My head is still swimming from all the music I confronted at the New International Young Composers Concerts Series, sponsored by the Reich Music Foundation. At least half of the time the compositional level was extremely high, and many of the works reached into areas of musical style that have never been encountered by New York concertgoers. I don’t think it’s possible to fully process that much information in only a few days, but I can at least offer a few generalities and a few basic observations on four composers who were represented on these three concerts at the Guggenheim Museum, January 16-18.
John Adams, 31, teaches at the San Francisco Conservatory of Music, where he directs a new music ensemble and frequently presents experimental music to San Francisco audiences. His ‘Shaker Loops’ was probably the most effective single piece in the series, but it shouldn’t have worked at all. If music is going to charge ahead with Beethoven-like energy, and move through widely contrasting moods, then it’s obvious that it must have some kind of overall dramatic structure that makes sense. Transitions have to be prepared, climaxes have to be reached at exactly the right time, and so on. It’s similarly obvious that music based in minimalism, with repeated figures, simple harmony, and lots of repetition, has to stay on an even keel and progress only very slowly and subtly. Yet Adams takes seven stringed instruments, writes rather simple textures of sustained tones, tremolos, and repeated figures, and proceeds to break all the rules by blithely submitting his materials to sudden modulations and drastic mood changes, without preparing anything. And somehow he makes everything work. The highly charged ‘Shaker Loops,’ which the composer conducted himself, seems to open up a whole new area of formal possibilities. Adams’s virtuoso piano piece, ‘Phrygian Gates,’ played with this same basic contradiction between developmental form and minimalist form, and it too succeeded, at least in this performance by Ursula Oppens. Adams’s pianistic vocabulary of rapid-fire repeated tones, modal harmonies, and rippling textures did not seem quite as inventive as his string writing, however.
Michael Nyman, 34, is from London, and some of his music criticism is already familiar here, particularly through his book Experimental Music: Cage and Beyond. Aside from the two Nyman works presented at the Guggenheim, I heard several tapes and an informal lecture the composer presented, and I also saw two films he had scored when they were shown at the Kitchen. In discussing British experimental music, Nyman had emphasized the modest, reserved, restrained quality he felt it had all, and it seems to me that Nyman’s own work is perhaps the most modest, most reserved, and most restrained of all. His music is so understated, in fact, that it comes dangerously close to seeming simplistic. But there is always a touch of sophistication in the orchestration or the form of the rhythm, and the result is usually not simplistic at all, but quite charming. My favorite Nyman work is his droll ‘Bird List Song,’ in which about 10 instrumentalists play a sequence of four dominant seventh chords over and over and over, while the vocalist sings the names of birds. The volume is loud, the rhythms are square, and the music sounds vaguely like rock. The sophistication in this case lies in the inner voices, which shift in instrumentation from time to time. While the performance at the Guggenheim was adequate, I preferred a recorded version played by the London-based Michael Nyman Band, which made use of a rebec and banjo as well as more conventional winds and percussion.

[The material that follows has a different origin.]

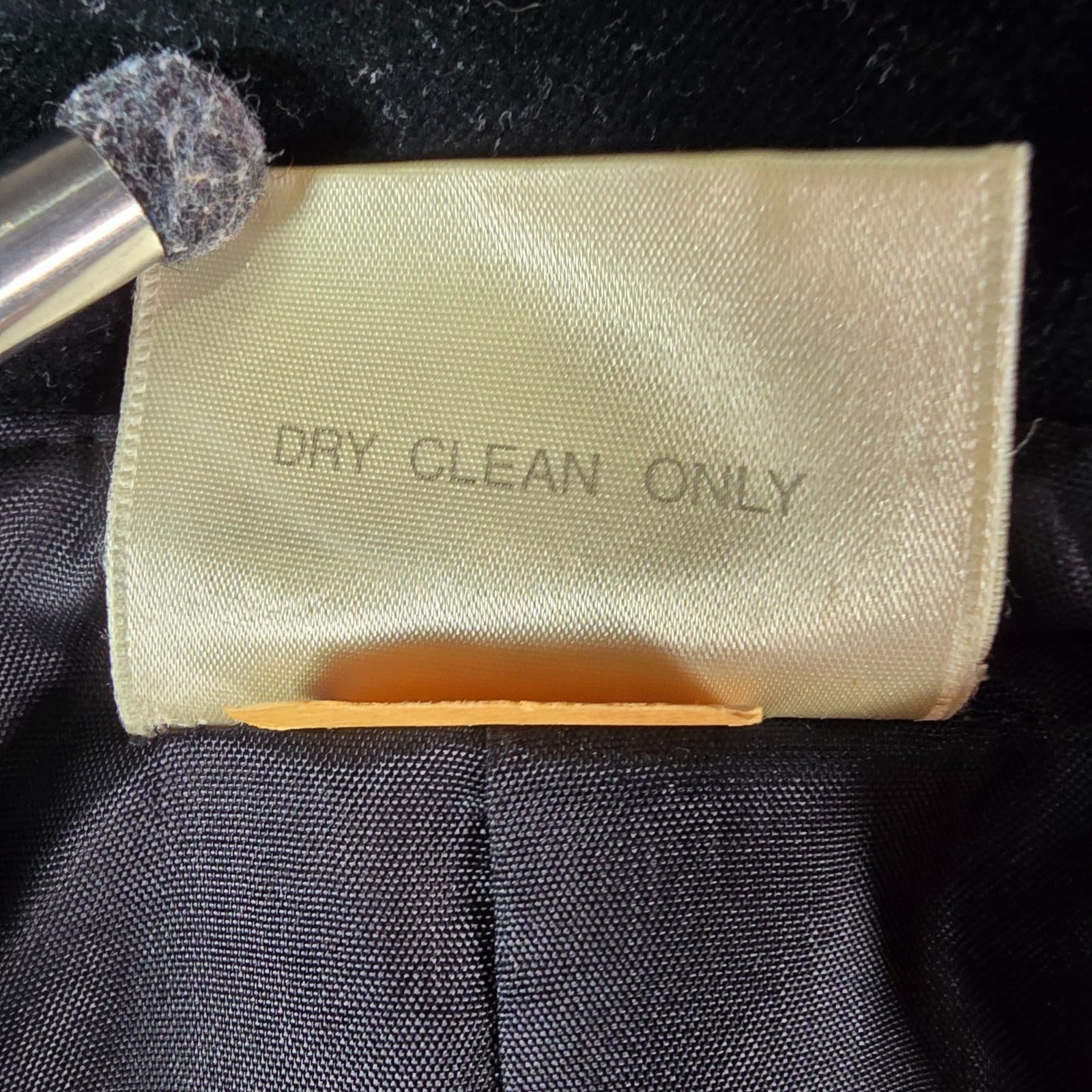 Notable Features: Notched lapels; three-button front; marbled buttons; front patch pockets; satin lining; shoulder pads: ILGWU union-made label

Paul Dresher is only 27, but this ambitious composer from San Diego is already writing long, multileveled pieces that have a good deal of substance. His 45-minute ‘Z’ contains a section for mallet instruments that sounds quite derivative of Reich’s ‘Drumming,’ but it also involves a unique progression in which six percussionists play in different tempos, utilizes a unique recording of a wailing Philippine tribal woman, and makes a strong, though not very clear, political statement. ‘This same temple’ is a Dresher work for two pianos that puts together effective polyrhythmic textures with notational techniques that I had never encountered before.
Ingram Marshall lives in San Francisco, where he has taught, written criticism, worked in radio, and directed a concert series. His contributions to the Guggenheim series were ‘Cortez,’ a prerecorded tape piece, and ‘Non Confundar,’ a work for strings, clarinet, and flute, with electronic processing. Both pieces are moody, and it is here, more than anywhere else in the series, that I am tempted to use the word ‘neo-romantic.’ But of course, Marshall’s expressive inclinations are far removed from Howard Hanson’s. Marshall works with pure sounds rather than melodic themes, and electronic reverberation rather than opulent orchestration. Still, the resulting emotions remind me very much of Sibelius, whom Marshall appreciates very much, and Mahler, from whom he borrowed some ‘Non Confundar’ material. I used to feel it was the electronic veneer that made Marshall’s music seem saccharine to me, but I’m beginning to realize that the basic problem has more to do with my own less romantic inclinations. I probably wouldn’t be swept away by his lush pieces if he did them with the Philadelphia Orchestra either. But many certainly would.